1. Auction Day Requirements: All bidders must be pre-registered. I hereby agree to sign the Lease with City of Atlantic City immediately upon the conclusion of bidding and place a 10% deposit within 48 hours. The first years rent will be due upon receipt of a fully executed lease from the City of Atlantic City along with the cost of publication.
2. I recognize that this is an Auction Sale and is not subject to an attorney review period. I will review the contract of lease prepared by Seller’s Counsel prior to the auction.
3. I have read the terms of this sale and said terms are incorporated herein by reference, as are any public announcements made sale day.
4. I agree to review the Property Information Packet prior to participating in Auction.
5. A Buyer’s Premium of 10% of the Bid Price will be added to the bid price.
Leases are being sold subject to Confirmation and Approval of City of Atlantic City.
6. If any check given in payment is not honored for any reason, I agree, whether said check be signed by me as maker or endorser, that if such check is placed in the hands of any attorney for collection, to pay all reasonable attorney’s fees, together with all costs of suit in the event is instituted.
7. Bidder acknowledges that the lease is being auctioned by Max Spann Real Estate & Auction Co. (“Spann”) subject to all faults, and specifically and expressly without any warranties, representations or guarantees, either express or implied, of any kind, nature, or type whatsoever from Spann in its own capacity or as the agent, servant or employee of the seller of the property.
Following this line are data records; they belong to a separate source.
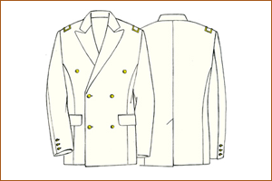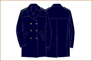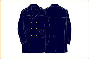 Soprabito impermeabile/traspirante (Commissari) - (personale maschile) In tessuto impermeabile e traspirante di colore blu notte con corpetto staccabile. Il soprabito a doppiopetto a tre più tre bottoni grandi in metallo dorato di tipo regionale ha una lamina interna impermeabile e traspirante; internamente il capo è foderato, di vestibilità ampia e lunghezza al ginocchio. L'impermeabile si compone delle seguenti parti: - corpo; - collo con listino; - carrè; - maniche; - controspalline; - cintura; - fodere; - corpetto staccabile. Il corpo è composto da quattro parti, due anteriori e due posteriori, che formano il davanti ed il dietro del capo. Le parti anteriori (davanti) sono rifinite da una mostra dello stesso tessuto impermeabile applicata interamente, dalla spalla al fondo al quale è cucita, previa ripiegatura interna di cm 13,5 circa. La mostra, di ampiezza appropriata e di lunghezza variabile a seconda della taglia, termina al fondo con una larghezza di cm 13,5 circa. I due davanti, dalle spalle al fondo, sono rinforzati internamente da un tratto di fliselina termoadesiva. Internamente, sulla mostra sinistra è ricavata una tasca a taglio obliquo, apertura cm 14, rifinita con doppia filettatura ciascuna alta cm 0,7. La fodera interna della tasca e la doppia filettatura sono realizzate con lo stesso tessuto della fodera del soprabito. Sul bordo libero di ciascuna mostra, nella parte interna, è applicata una striscia dello stesso tessuto dell'impermeabile, alta cm 4 circa, internamente rinforzata con tela termoadesiva bianca. Su detto bordo è applicata una semicerniera a catena aperta che, fissata anche alla lunetta girocollo, corre da una parte all'altra del davanti, facendo riscontro alla semicerniera ad essa complementare, posta sulla termofodera. Le due mostre sono collegate superiormente ad una lunetta girocollo alta al centro cm 3 circa e costituita da due pezzi sovrapposti dello stesso tessuto esterno dell'impermeabile, ognuno dei quali è rinforzato, con flisellina (sopra) e tela termoadesiva (sotto). Il lembo superiore della lunetta è inserito nella stessa cucitura di fermo del listino del collo. Le parti superiori dei davanti, opportunamente ripiegate formano i risvolti, rinforzati internamente da un pezzo di tela termoadesiva. Sui due risvolti, a cm 2,5 circa dal bordo superiore ad a cm 2 circa da quello laterale, c'è un'asola orizzontale a goccia lunga cm 2,5 circa. In corrispondenza di dette asole è applicato sia sulla parte anteriore destra che anteriore sinistra un bottone per la chiusura dei baveri al collo. Questi bottoni sono in resina a quattro fori e di colore in tono con il tessuto. Sulla parte anteriore di sinistra, a cm 2 circa dal bordo libero e a una distanza che varia a seconda della taglia, vi sono tre asole orizzontali a goccia, lunghe cm 2,5 circa. A lato di ciascuna di esse e sulla stessa linea, a cm 13 circa dal bordo del davanti, è applicato un bottone dorato grande di modello regionale. Il primo di questi bottoni, quello superiore, è collegato internamente con un controbottone in resina a quattro fori di colore in tono conil tessuto. Sulla parte anteriore destra, in corrispondenza con le asole vi sono tre bottoni dorati grandi di modello regionale, alla distanza di cm 13 circa dal bordo libero. All'altezza del primo bottone (superiore), a cm 2 circa dal bordo del davanti destro si trova un'asola orizzontale per l'abbottonatura del controbottone interno della parte anteriore sinistra. Su ogni davanti si trova una tasca con apertura obliqua, con fintino rettangolare (cm 4,5 x 19,5) realizzato con un pezzo dello stesso tessuto del corpo, ripiegato su se stesso e rinforzato internamente con un tratto di flisellina. Il fintino è fissato sul davanti da due cuciture parallele lungo i lati corti e da una cucitura lungo il lato lungo inferiore; il lato libero è rifinito da una cucitura realizzata in prosecuzione di quella interna dei lati corti a cm 0,7 circa da bordo. La tasca è foderata con tela di cotone silesias. Nella tasca sinistra vi deve essere un'apertura che permetta la fuoriuscita delle nappe della sciarpa azzurra, e quando non utilizzata viene chiusa con cerniera. Le parti anteriori e quelle posteriori, dietro, sono cucite tra loro lungo i fianchi e in modo da unire alle spalle le due parti anteriori con il carrè posteriore, al cui lembo inferiore sono cucite le parti posteriori. Lungo tale cucitura di unione ai fianchi, all'altezza della vita, è applicato un passante, largo cm 1 circa e con luce di cm 5 circa, realizzato con lo stesso tessuto del corpo. I due davanti sono rifiniti lungo i bordi liberi con una cucitura a cm 0,7 circa dal bordo e terminano al fondo con un ripiego interno di cm 5 circa rinforzato internamente con tessuto termoadesivo. I dietro sono cuciti ai due davanti lungo i fianchi e al lembo inferiore del carrè posteriore, che superiormente si unisce ai due davanti e al bavero. Le due parti posteriori sono cucite tra loro con cucitura ribattuta, che inizia dal carrè e termina allo spacco inferiore, di lunghezza cm 45 circa. Questo spacco è fermato all'apertura con una travettatura obliqua lunga cm 4,5 circa. Il lembo sinistro ha un ripiego interno largo cm 6 circa, internamente rinforzato con tessuto adesivo, il lembo destro è rifinito da una cucitura realizzata al bordo. I due dietro terminano al fondo con un ripiego interno di cm 4 circa, rinforzato internamente con flisellina termoadesiva. Il bavero si compone di un soprabavero e di un sottobavero, con lunetta a girocollo, realizzato con lo stesso tessuto del corpo. Il soprabavero è rinforzato con flisellina termoadesiva, il sottobavero e la lunetta esterna sono rinforzati con tela termoadesiva. Tali elementi sono cuciti tra loro e sono rifiniti, lungo i bordi liberi, con una cucitura realizzata a cm 0,7 circa dai bordi. Nella parte superiore il soprabito presenta un carrè, realizzato con tre pezzi di tessuto, due anteriori sovrapposti ai davanti ed un
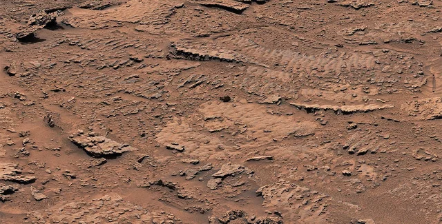 Марсохід Curiosity використав свою камеру Mastcam, щоб сфотографувати цю панораму поверхні Марса. Рифлені текстури гірських порід, знайдені в цій області, є найяскравішим свідченням того, що марсохід виявив ознаки існування води та хвиль у стародавньому минулому Марса.
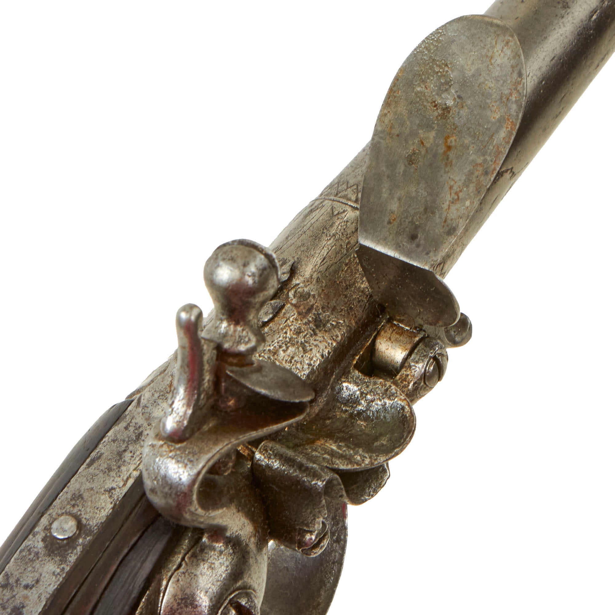 The short pistol is relatively spartan compared to some we have seen, though there is definitely some lovely engraving around the frame area, which is continuous with the barrel. Aside from the maker mark, we were not able to find any other marking on the pistol, though there does appear to be a good amount of wear around the breech area, so if there were proofs, they may have worn away. It looks to feature some type of safety on the rear of the "lock plate", but it does not move at present.
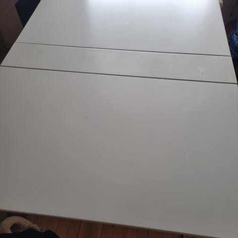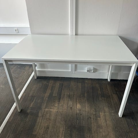 Bord med hvid bordplade i laminat og kantliste i træ.
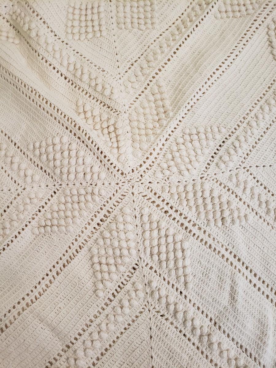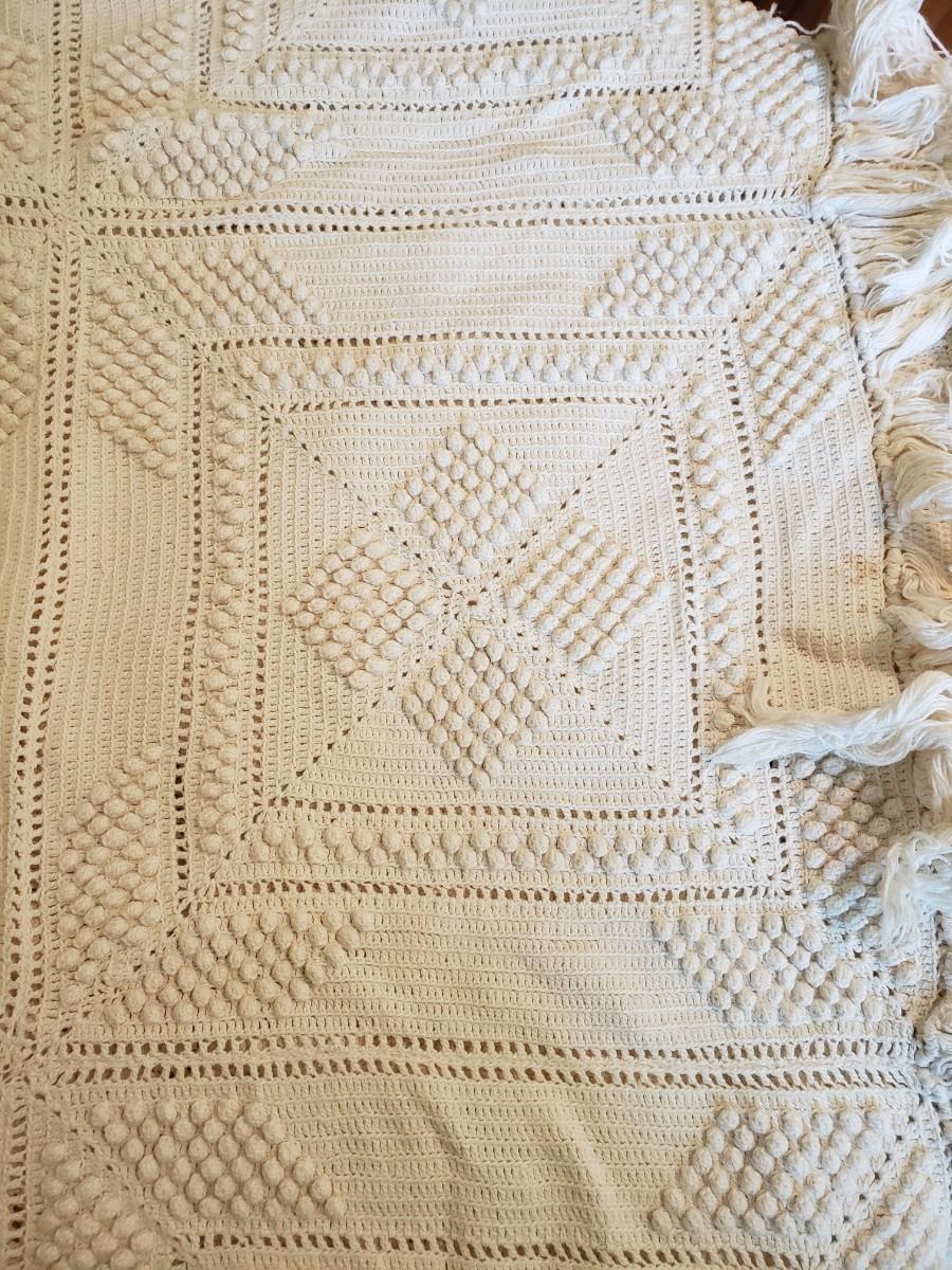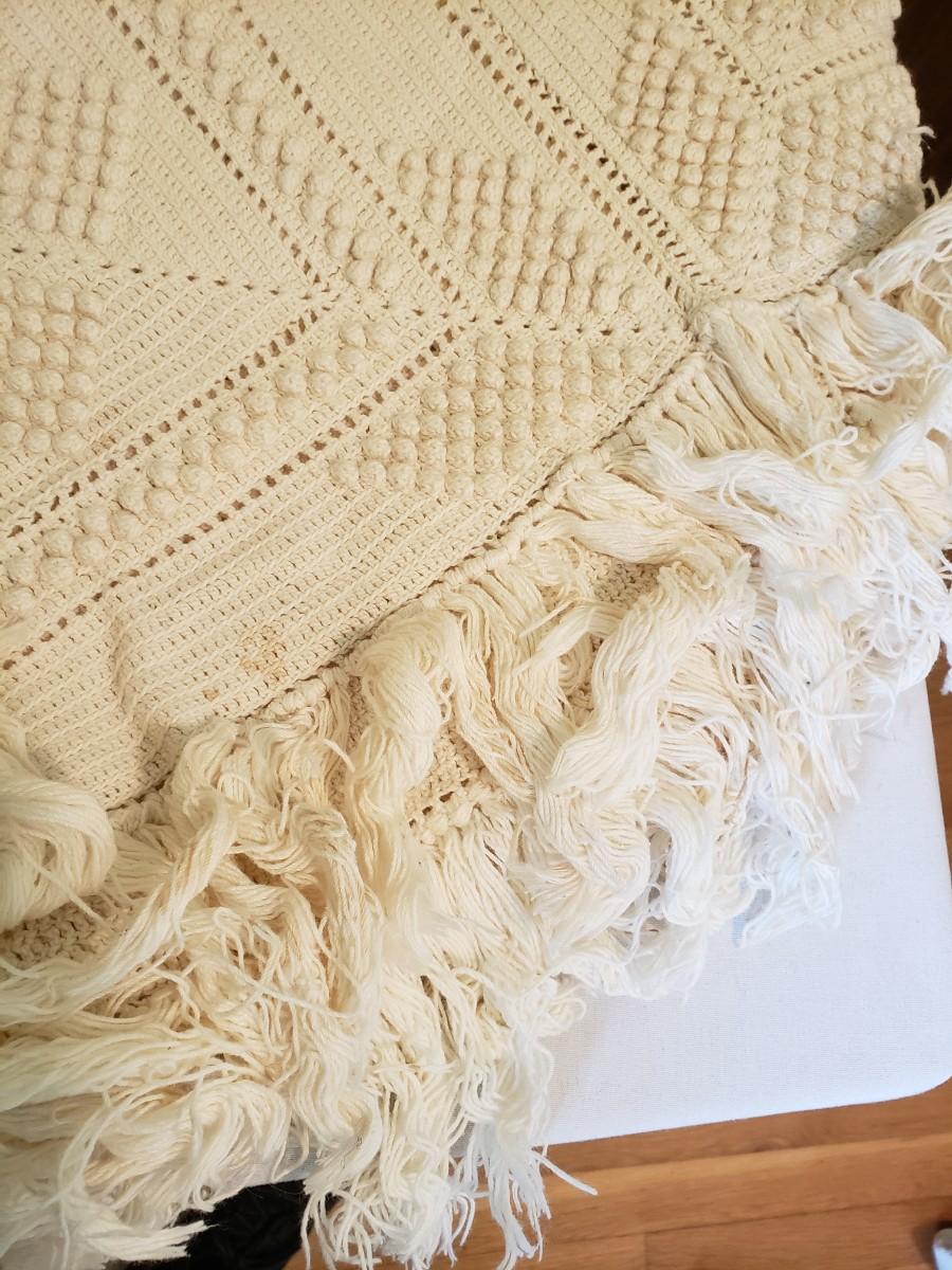 The cotton twin sized off white bedspread features an ornate design. This bedspread measures 70"x66". and only has 2 frayed corners as seen in the pictures. The handmade crochet bedspread would be a show stopper! This beautiful bedspread measures 86"x72" and appears to be in good condition. Shipping available.

Bidder further acknowledges that Spann has not made any independent investigation of the condition of the property or examined, verified or confirmed the validity of any information, documents, literature, maps or sketches, pro-forms, or any other written documents provided in the Property Information Packet.
Bidder and Bidder’s heirs, transferees, administrators, personal representatives, trustees, successors and assigns, forever waive, release, discharge and hold Spann harmless, from any claim it has, might have had, or may have against Spann with respect to:
a. The condition of the Premises, either patent or latent, of any nature whatsoever, including environmental contamination;
b. Buyer's ability or inability to obtain or maintain building permits, temporary or final certificates of occupancy or other licenses for the use or operation of the Premises, and/or certificates of compliance for the Premises;
c. The actual or potential income or profits to be derived from the Premises;
d. Any other state of facts which exist with respect to the Premises which at the time of closing were not the subject of actual knowledge on the part of Seller.